Last weekend I went skydiving and I felt strangely calm throughout the whole experience. I’m not afraid of heights and I do love planes, but that still doesn’t explain why I didn’t mind jumping out of a plane that was 12,000 feet high. So, it made me wonder what I do fear.
My number one fear is failure. When I was in the 2nd grade, I thought I did terrible on a reading assignment and during my school’s Skate Night at Skate America I sat in a booth with my skates on and cried the whole time. I was so worried about my grade on that reading assignment. I ended up getting a B so I cried for nothing.My parents never pressured me to make good grades. I put that pressure on myself. Every time I would take a test I would be so scared to find out the results even though I did well most of the time.
My number two fear is talking to strangers. I don’t know how I have friends because they were all strangers at one point. Meeting new people is such a terrifying experience. This is incredibly difficult when you want to start dating, but you don’t want to talk to anybody. One, I can barely hold a conversation.
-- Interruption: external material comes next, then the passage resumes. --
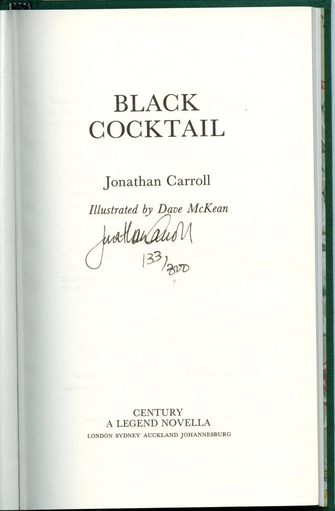 Fiction: BLACK COCKTAIL by Jonathon Carroll. Limited edition of 300, this book is #133. Signed on the title page by the author. In a cloth-covered cardboard slipcase. This is the fifth edition in the Legend Limited series published by Random Century. First Edition. By Carroll. Printed 1990. Published by Random Century Group, London. 5 1/2 inches wide by 8 3/4 inches tall. Slipcase is green cloth over cardboard, with silver stamping on one face. Book has green cloth covers with silver stamping on spine and front covers. Page edges are gilded in silver. 76 pages. Condition: Near mint. Slipcase shows virtually no wear, not even on the corners. Covers show almost no wear, same with edges. Corners are not bumped, spine edges are not rolled. Inner pages are lightly tanned and show little wear. No scribings or stampings within. Great condition for this set. Money back upon return if not satisfied or any problems with shipping within the US. Due to changes at the US Postal Service, we can no longer guarantee delivery on international mail.Thanks for looking. International Buyers – Please Note: Import duties, taxes, and charges are not included in the item price or shipping cost. These charges are the buyer's responsibility. Please check with your country's customs office to determine what these additional costs will be prior to bidding or buying. 03/20/12 0/8
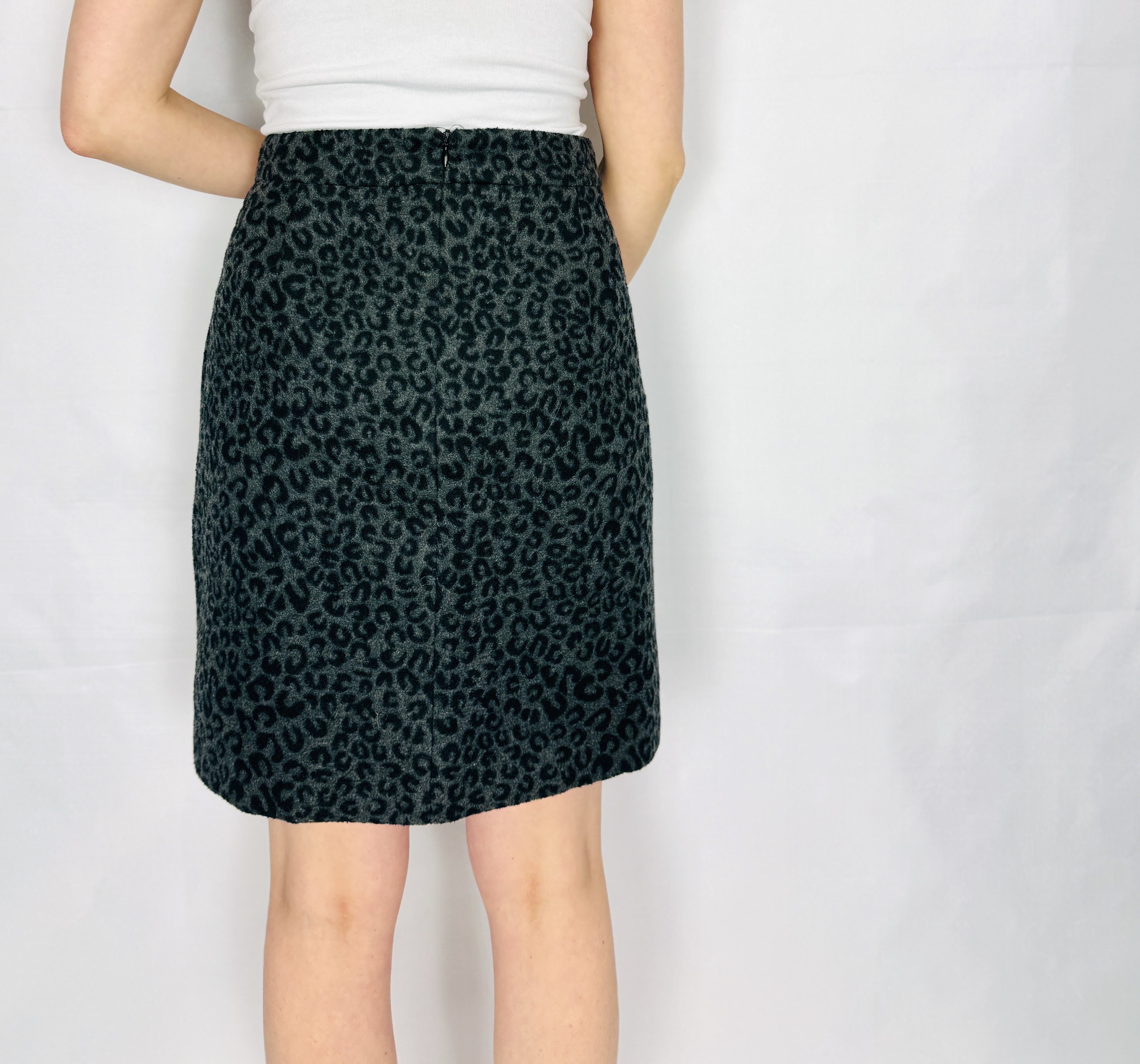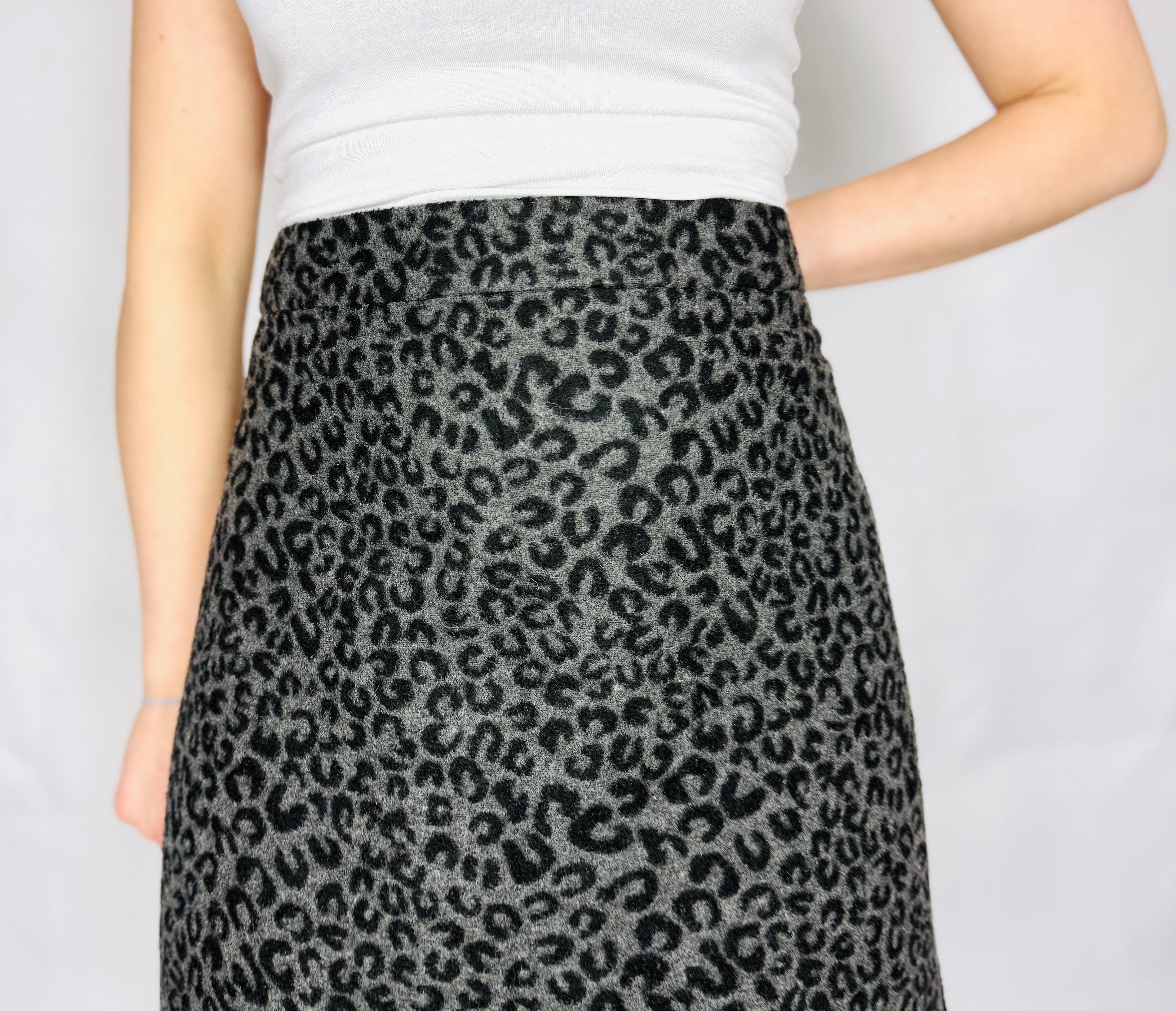 Ta spódnica to elegancka i jednocześnie odważna interpretacja zwierzęcego motywu — subtelna, szaro‑czarna paleta sprawia, że cętki nabierają wyrafinowanego, niemal tonującego charakteru, zamiast krzyczeć o uwagę. Jej nastrój jest zmysłowy i spokojny zarazem: klasyczna forma spotyka się tu z dekoracyjnym wzorem, dzięki czemu całość wygląda szykownie, ale także bardzo współcześnie. To propozycja dla kobiet, które chcą wprowadzić do garderoby wyrazisty akcent, zachowując przy tym stonowaną elegancję.

I don’t do a ton of interesting things so I wouldn’t have topics to rattle off. Two, I don’t want to face rejection. It is such a blow to your self-esteem. That is why I am mentally preparing myself for a life alone.
The third thing I am scared of is pain. No one likes pain obviously, but I really try to avoid it at all costs. For example, my eyebrows are really bushy and they are that way because I don’t want to go through the pain of waxing and plucking. I love that my eyebrows are thick, but they are kind of wild. Below is the first and last time I got my eyebrows done. It looks good, but I will probably never do it again. It wasn’t terribly painful, but it was pain nonetheless. They say beauty is pain, but I would rather be ugly.